At brunch they asked, “How did you know the guy behind you?” I laughed and almost choked on my coffee. I cleared my throat and told them the story.

“A couple years ago, before I started publicly transitioning and before he started his own transition, we went on a few dates. Let me backtrack a bit. His uncle, who is a drag queen in town set us up on what was essentially a blind date. Long story short, it didn’t work out. But it looks like we were both dealing with some other stuff at the time. So, apparently we got the same court date for our name changes.” I quickly summarized.

“Only you would run into an ex at court for a name change.” My friend teased.

We all laughed and continued our breakfast.  After breakfast I headed to Social Security to change my name with them. And then just to have even more fun I went directly to the Secretary of State building to change my name on my driver’s license. Both buildings seem to be where happiness goes to die a miserable death. When I approached the counter and explained I was here to change my name, the woman started to hand me the form. She then paused and took it back and scratched a large “X” over the female check box before handing the form back to me. The lump returned to my throat and I said “okay then” but I really wanted to ask why that was necessary. I took a deep breath and decided I wasn’t going to let one jerk ruin my good day. When my number was called I stepped up to another employee and as she was typing things in the computer she said “Congrats on becoming legally you.” And I swore she winked at me as she told me to step to the camera. The rest of the day was spent changing my name on everything else, the electric company, water bill, credit card, bank, etc.

I went onto Facebook to announce to my friends that I was finally, legally, Jay. And a friend request popped up.

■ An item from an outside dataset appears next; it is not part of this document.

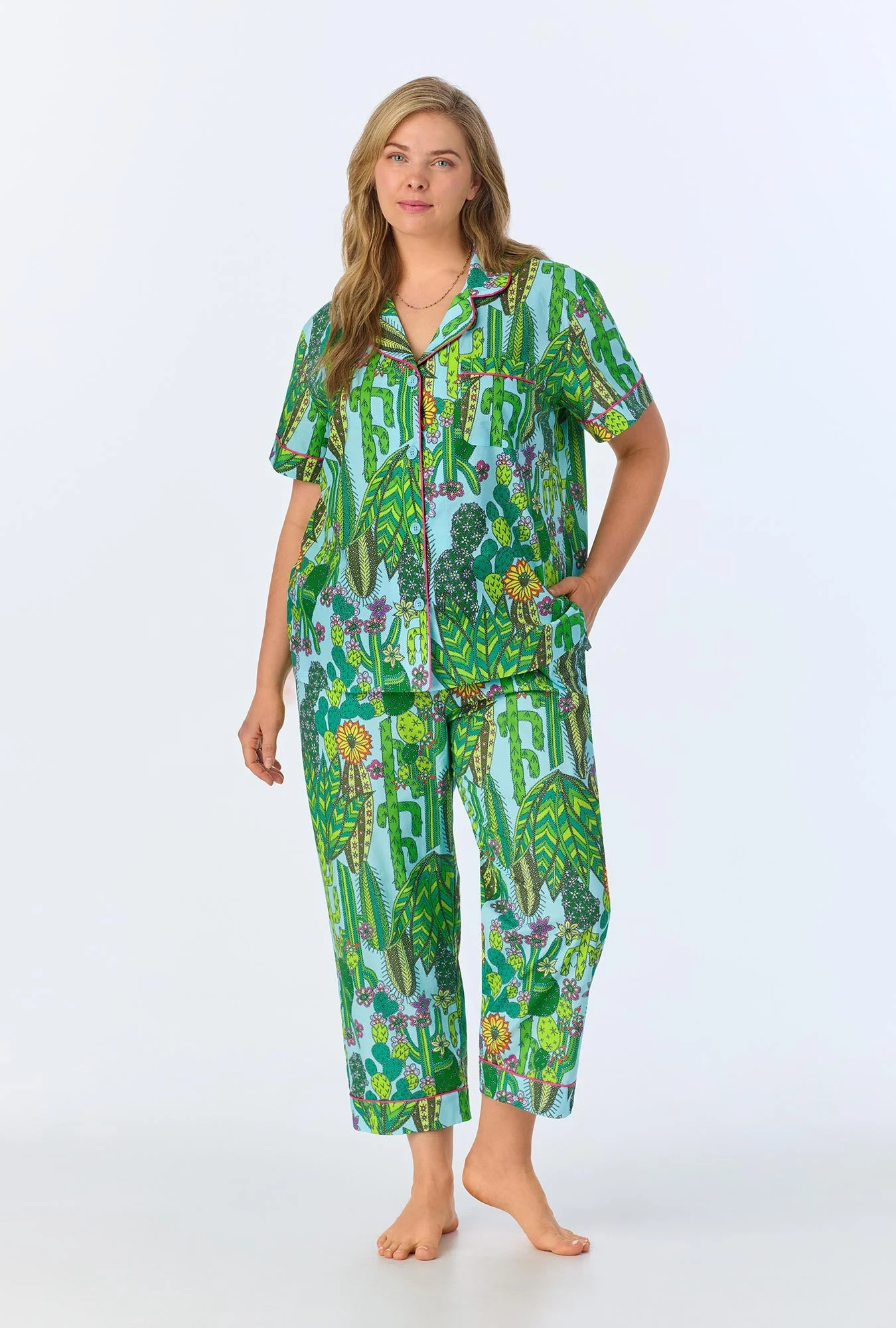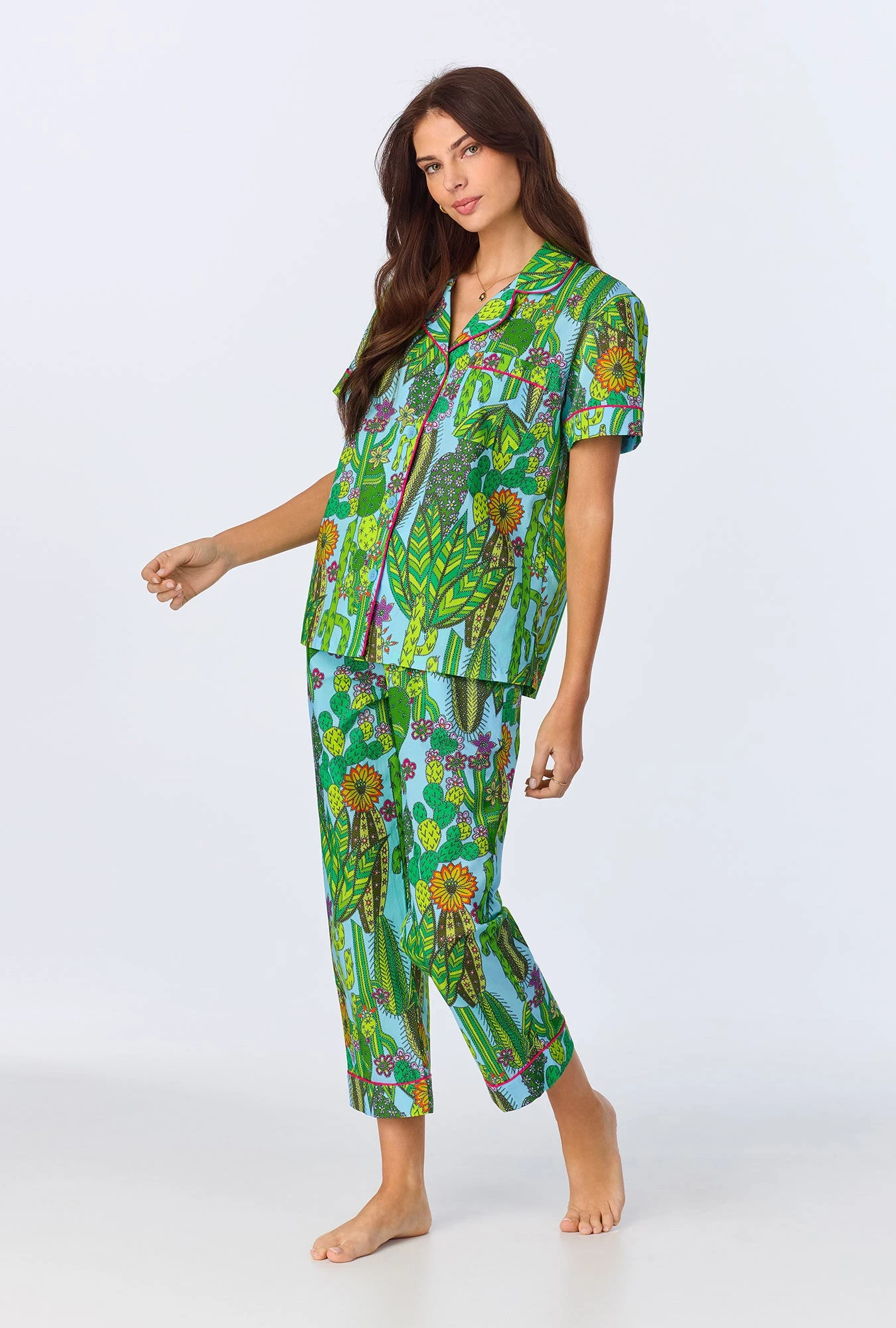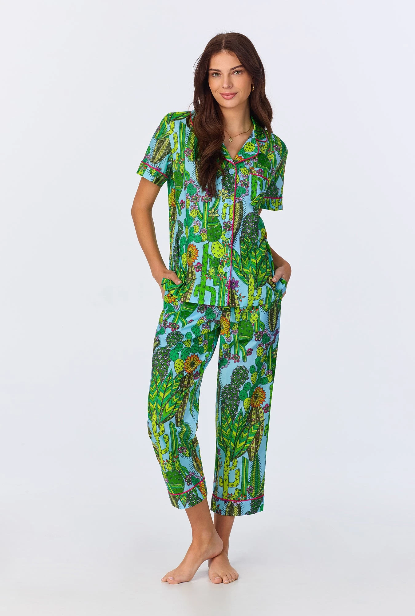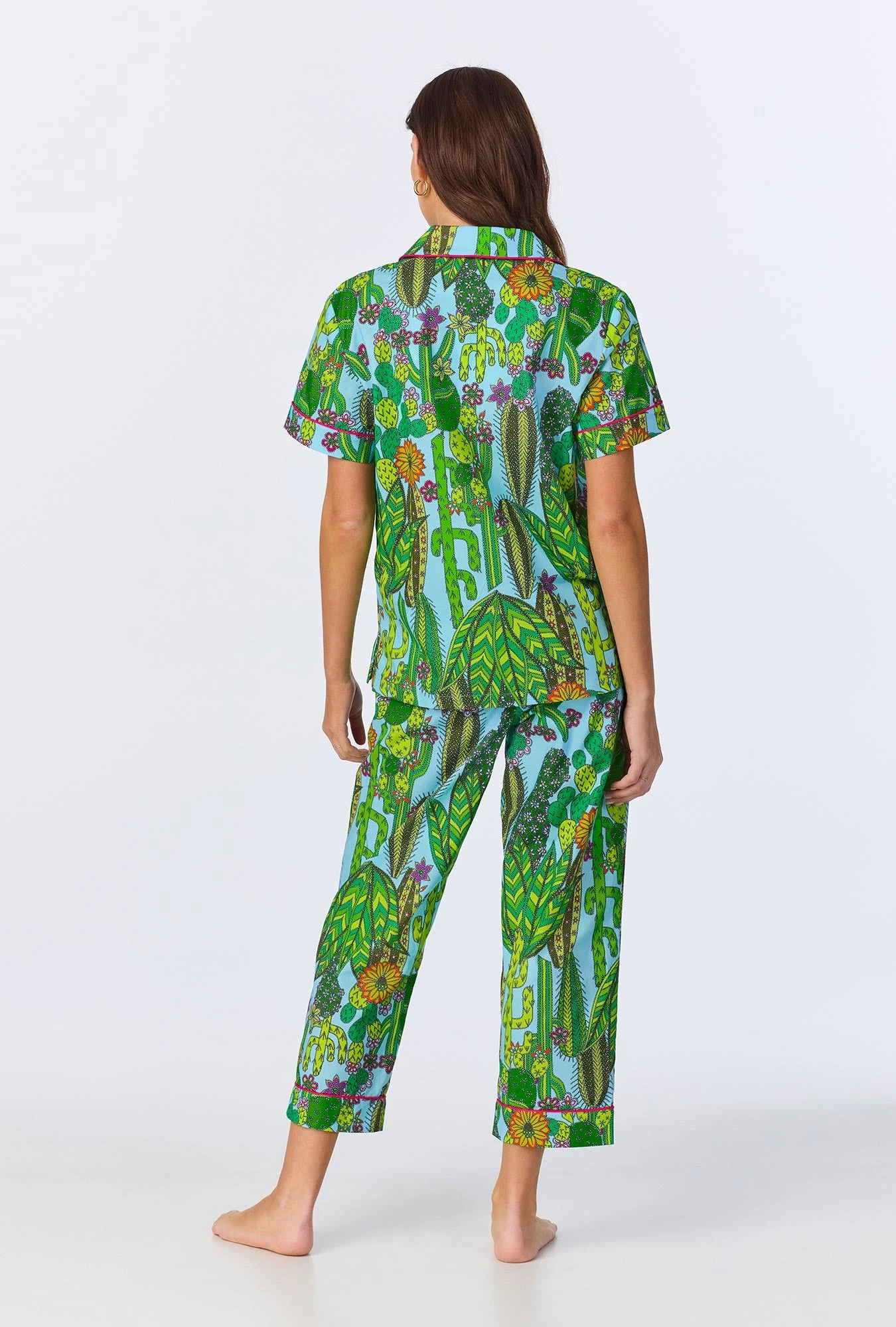 Embrace effortless style with our women’s short sleeve cropped pajama set, made from organically grown cotton poplin for exceptional comfort. The top includes contrast piping, while the pull on cropped pants feature an elasticated waistband and handy side pockets. This stylish set offers easy comfort for lounging or a cozy night in.

It was Noah.

Do you want to change your name in Kalamazoo County?

Before you begin: You must have lived in the county in which you are filing for at least 1 year prior to being able to schedule a hearing.

Step 1: You’ll have to file a Petition to Change Name with the Circuit Court Family Division located at 1536 Gull Road, Kalamazoo. You can also call them, 269-385-6041 to ask any questions. You’ll need your driver’s license or id and the filing fee which costs $150 and must be paid at the time you file.

Step 2: The clerk will walk you through the next steps. You will need to mail in an announcement of name change to a newspaper (Climax is the cheapest) The clerk will provide you with that form, you will need to mail it in with money order for $50. This has to be printed before your court date—so you’ll want to do it as soon as possible.

Step 3: You’ll also need to get finger prints from the local police department. Bring a copy of the Petition to Change Name and send the finger prints and the petition and the fee (I think it’s $50) to:

Michigan State Police

Criminal Justice Information Center – Criminal History

P.O. Box 30266

Lansing, Michigan 48909

Step 4: Once the court receives the criminal history report from the Michigan State Police they will schedule your hearing. (You will need to call (about 6-8 weeks after you mail your finger prints) the court to find out if they report has been received and to inquire about a hearing date. I had to call a couple times.)